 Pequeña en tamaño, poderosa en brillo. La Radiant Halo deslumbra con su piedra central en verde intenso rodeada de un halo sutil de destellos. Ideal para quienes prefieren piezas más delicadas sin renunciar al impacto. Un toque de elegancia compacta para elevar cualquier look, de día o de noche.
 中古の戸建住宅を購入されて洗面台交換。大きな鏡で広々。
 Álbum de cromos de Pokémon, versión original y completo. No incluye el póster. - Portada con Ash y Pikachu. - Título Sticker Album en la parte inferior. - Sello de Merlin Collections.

*-*-*

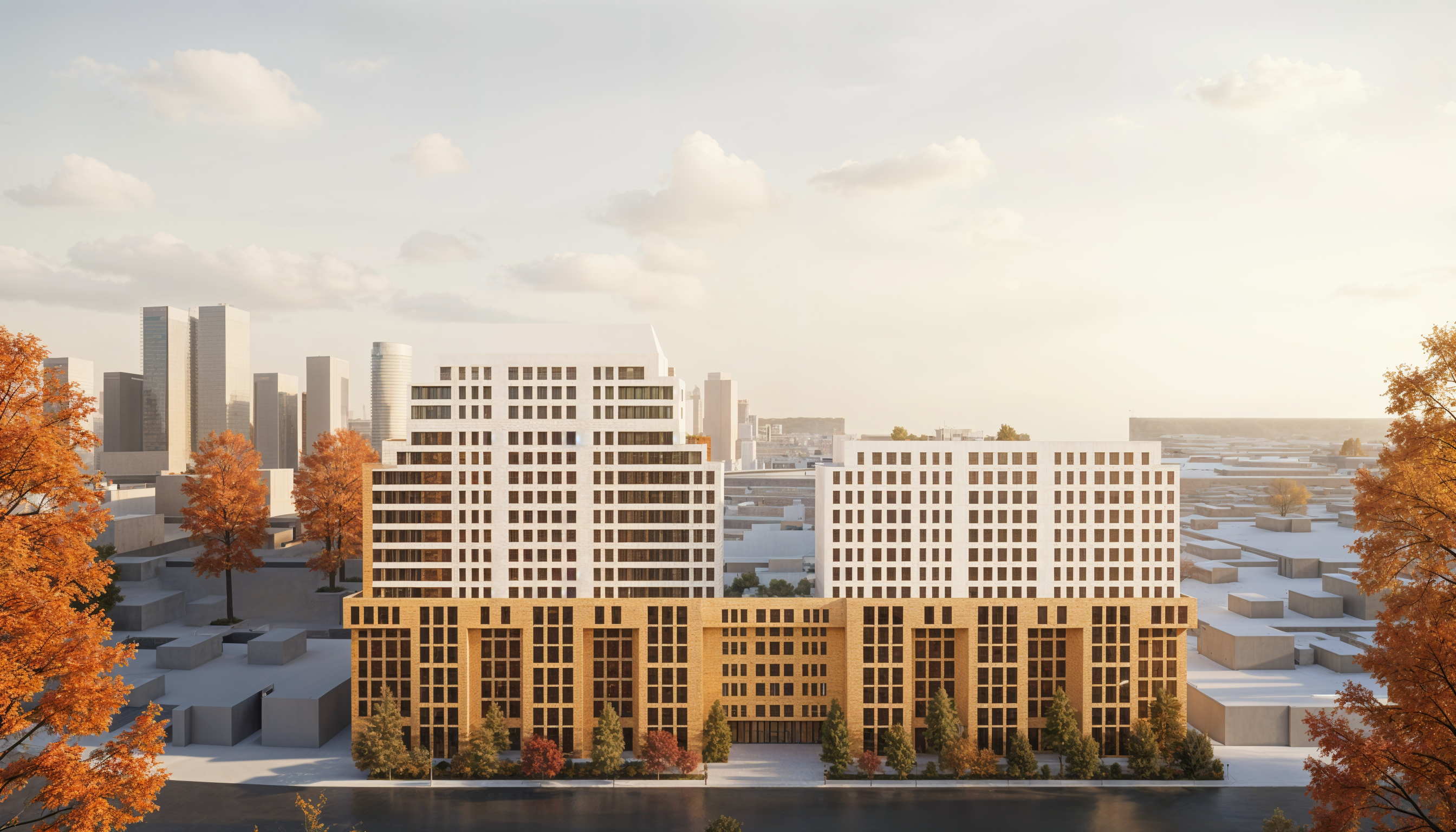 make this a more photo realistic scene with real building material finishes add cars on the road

*-*-*

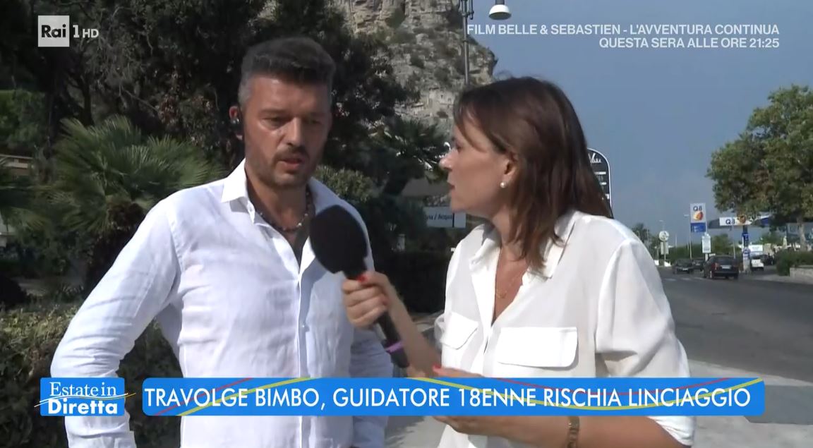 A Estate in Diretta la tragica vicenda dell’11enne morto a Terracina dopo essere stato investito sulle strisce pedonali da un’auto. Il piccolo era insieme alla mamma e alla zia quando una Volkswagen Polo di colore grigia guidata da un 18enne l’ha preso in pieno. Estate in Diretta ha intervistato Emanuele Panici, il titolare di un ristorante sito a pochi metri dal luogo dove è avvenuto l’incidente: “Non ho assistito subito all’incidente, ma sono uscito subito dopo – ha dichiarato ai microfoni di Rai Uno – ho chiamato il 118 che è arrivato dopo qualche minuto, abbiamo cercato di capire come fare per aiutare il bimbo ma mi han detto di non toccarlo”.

*-*-*

What is expected - Take the records above and return, word for word, only the lines that fall from the line with "Pequeña en tamaño, poderosa" to the line with "Álbum de cromos", both of them included.

Answer below -
 Pequeña en tamaño, poderosa en brillo. La Radiant Halo deslumbra con su piedra central en verde intenso rodeada de un halo sutil de destellos. Ideal para quienes prefieren piezas más delicadas sin renunciar al impacto. Un toque de elegancia compacta para elevar cualquier look, de día o de noche.
 中古の戸建住宅を購入されて洗面台交換。大きな鏡で広々。
 Álbum de cromos de Pokémon, versión original y completo. No incluye el póster. - Portada con Ash y Pikachu. - Título Sticker Album en la parte inferior. - Sello de Merlin Collections.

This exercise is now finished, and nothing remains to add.